Distributed Cloud Compute Clusters

Using cloud compute with Dask can be accomplished by overwriting a sim’s client and cluster attributes. The below setup builds on the Coiled example from the dask documentation, and will require you to first set up an account with Coiled, connected to AWS or some other cloud compute provider.

Note that network bandwidth might be the bottleneck for computations that don’t live on your local machine. Ensure that the keepsiminput=False and keepsimrawoutput=False flags are set to reduce the data volume.

import coiled
cluster = coiled.Cluster(
    n_workers=8,
    worker_memory="8 GiB",
    wait_for_workers=True,
)
client = cluster.get_client()

sim.client = client
sim.cluster = cluster

Connecting to Existing Clusters

Note that default port for the Dask client scheduler (8786) is different than the port for the dashboard (8787). You can get your existing scheduler address with client.scheduler.address.

from dask.distributed import Client
existing_scheduler_address = 'tcp://127.0.0.1:8786'
client = Client(existing_scheduler_address)
cluster = client.cluster

sim.client = client
sim.cluster = cluster

Choosing your Processing Approach

Start your development process with a single-threaded setup for ease of debugging.

Once things are working, try multiproccessing. Whether this is faster than single-threaded depends on the particulars of your simulation. If your sim has a lot of input and output data, then pickling these objects and transfering that memory to and from worker processes may mean that multiprocessing is actually slower.
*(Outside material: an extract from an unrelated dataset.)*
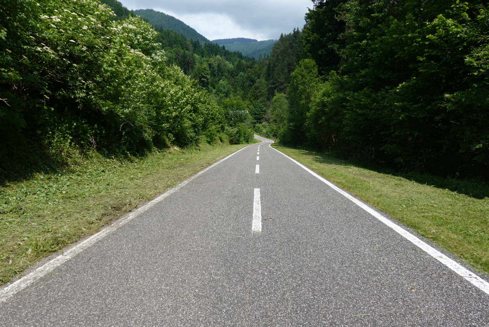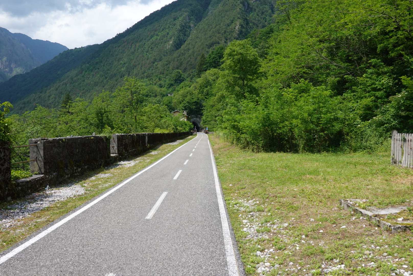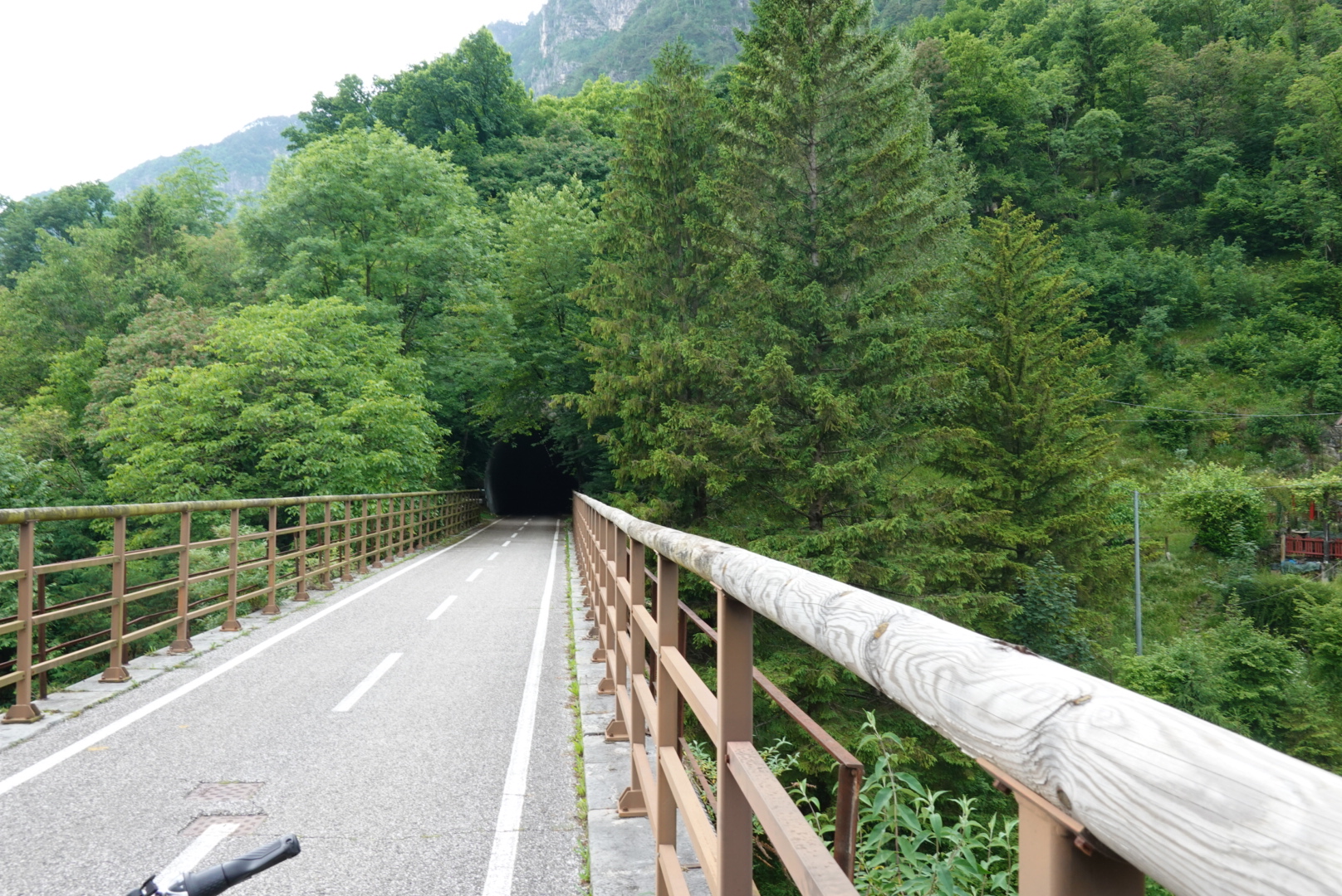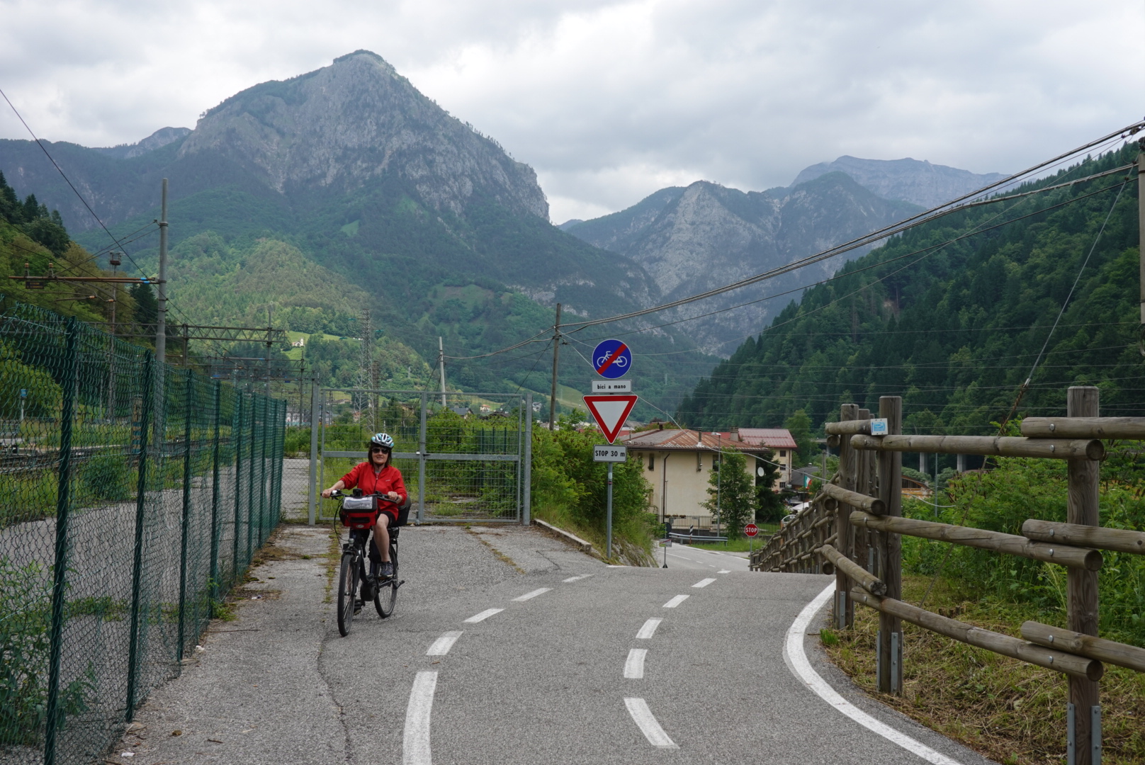 Kaum hat man die unscheinbare Grenze überschritten – schwupps, schon ist man in Italien! Einzig das Italien Schild, zeugt davon das man ein anderes Land betritt. Und das merkt man sofort, nicht nur am Espresso, der plötzlich viel besser schmeckt. Der Radweg folgt hier einer ehemaligen Bahntrasse, und das ist einfach genial. Einige Steigungen und 10 km später sind wir in Tarvis, wir fahren jedoch auf der alten Bahntrasse vorbei, noch ist nicht Zeit für eine Pause. Nach Tarvis geht es ins Kanaltal, nach der letzten Steigung folgt nur noch ein sanftes Gefälle, das einen fast wie von selbst rollen lässt. Ein Traum für alle, die das Panorama genießen wollen, ohne sich gleich die Oberschenkel zu ruinieren. Der starke Gegenwind hebt diesen Vorteil leider etwas auf. Generell ist es nicht so schön wie erhofft, es gibt dunkle Wolken und den erwähnten Wind.

However if your sim is computation-heavy, then multiprocessing’s use of multiple cores can give a significant performance benefit.

It’s worth experimenting with your specific setup. Try single-threaded, and multiprocessing with both the 'fork' and 'spawn' start methods to see what is fastest.

If you need to scale your simulation beyond your local machine, then move to Dask. A full guide on setting up distributed computation is beyond the scope of these docs, but resources are widely available to get you started.